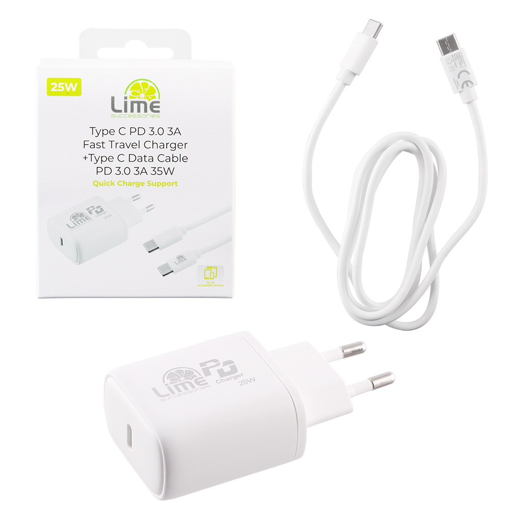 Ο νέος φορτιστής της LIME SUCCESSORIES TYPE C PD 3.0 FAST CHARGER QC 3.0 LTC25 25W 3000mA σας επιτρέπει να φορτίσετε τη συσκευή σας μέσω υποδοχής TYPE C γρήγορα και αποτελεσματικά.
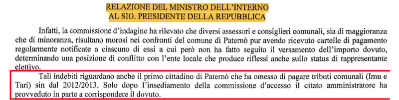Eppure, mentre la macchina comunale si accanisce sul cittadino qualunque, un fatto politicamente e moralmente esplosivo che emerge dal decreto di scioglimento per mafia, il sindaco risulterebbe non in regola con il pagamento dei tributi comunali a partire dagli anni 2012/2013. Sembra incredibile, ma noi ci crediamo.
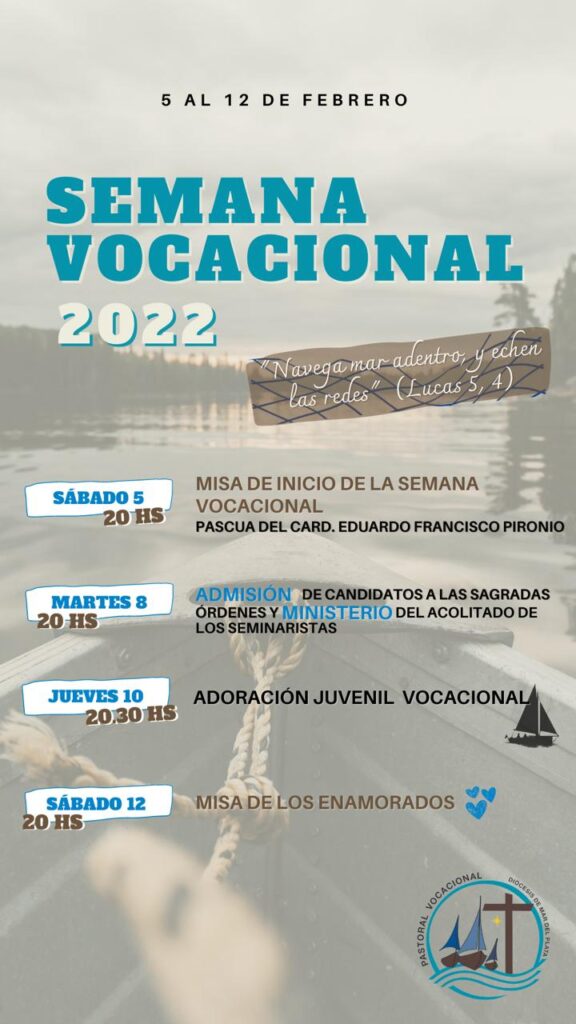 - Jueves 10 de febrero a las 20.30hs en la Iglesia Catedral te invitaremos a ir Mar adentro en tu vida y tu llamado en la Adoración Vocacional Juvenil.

---

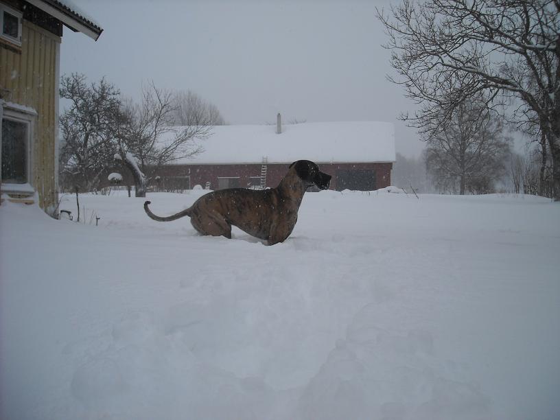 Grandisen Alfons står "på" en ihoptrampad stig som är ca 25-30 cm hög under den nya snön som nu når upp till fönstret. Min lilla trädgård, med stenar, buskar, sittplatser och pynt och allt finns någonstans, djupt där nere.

---

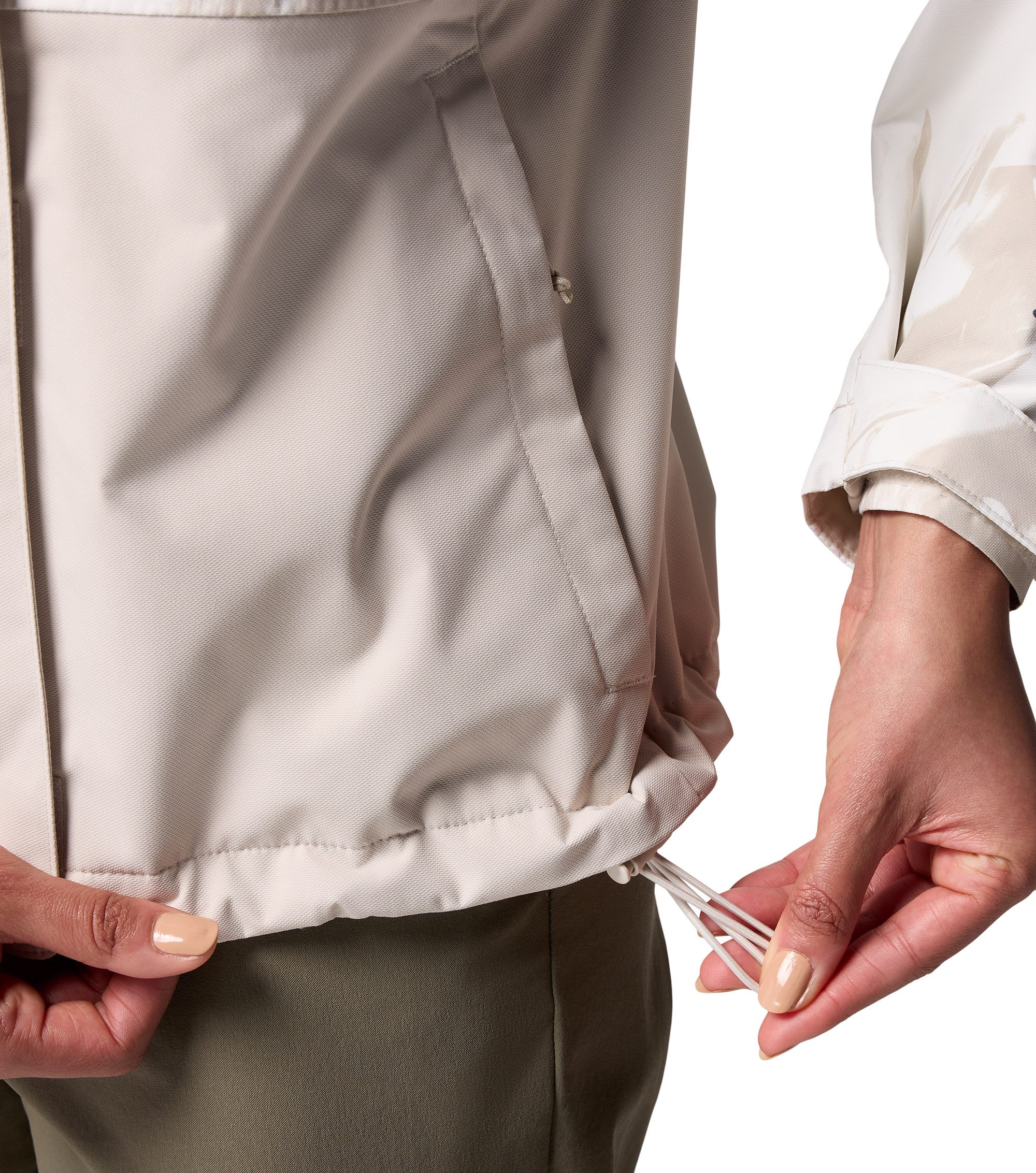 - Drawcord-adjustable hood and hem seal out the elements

Exercise — Above is the material; set down exactly its lines from the one containing "Ο νέος φορτιστής" down to the one containing "- Jueves 10", both included, leaving out any pictures.

Output of the task —
 Ο νέος φορτιστής της LIME SUCCESSORIES TYPE C PD 3.0 FAST CHARGER QC 3.0 LTC25 25W 3000mA σας επιτρέπει να φορτίσετε τη συσκευή σας μέσω υποδοχής TYPE C γρήγορα και αποτελεσματικά.
Eppure, mentre la macchina comunale si accanisce sul cittadino qualunque, un fatto politicamente e moralmente esplosivo che emerge dal decreto di scioglimento per mafia, il sindaco risulterebbe non in regola con il pagamento dei tributi comunali a partire dagli anni 2012/2013. Sembra incredibile, ma noi ci crediamo.
 - Jueves 10 de febrero a las 20.30hs en la Iglesia Catedral te invitaremos a ir Mar adentro en tu vida y tu llamado en la Adoración Vocacional Juvenil.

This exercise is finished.